Getting the breakpoint in vocode

To get a breakpoint here, I looked at the method that was being run in whisper.cpp when the error happened. Looking at the stack trace, we see a call to whisper_full at #21.

This is the first reference to whisper that happens in the stacktrace. So in the vocode repository, I searched for all calls to whisper_full.

There was one reference. So we set a breakpoint with pdb.set_trace(), rebuild the project locally and install it. Then, running this project again, we will hit our breakpoint.

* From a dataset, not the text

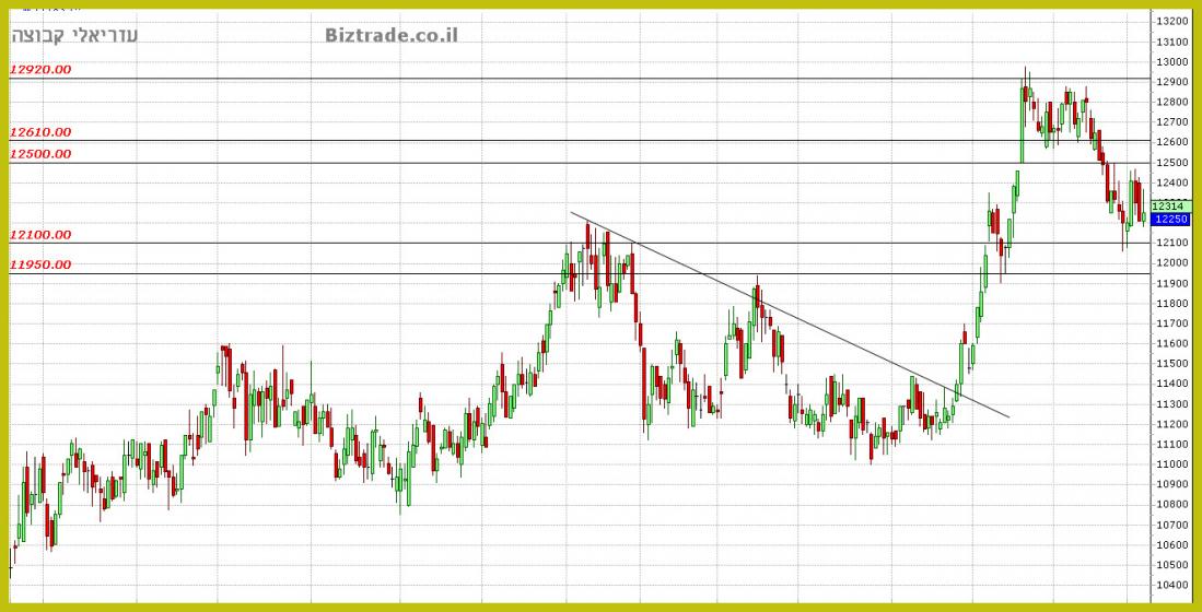 שבירה של 12100 = המשך ירידות ל 11950 תחילה.

(Pdb) p params.n_grammar_rules
*** AttributeError: 'WhisperFullParams' object has no attribute 'n_grammar_rules'
(Pdb)

Making sense of everything

So afterwards, I had to check the WhisperFullParams object and it seemed like it’s supposed to match the shape of the C struct in whisper.cpp. This is because this parameter is being passed in from python into the C code via the ctypes library, and C is very picky with how structs are shaped.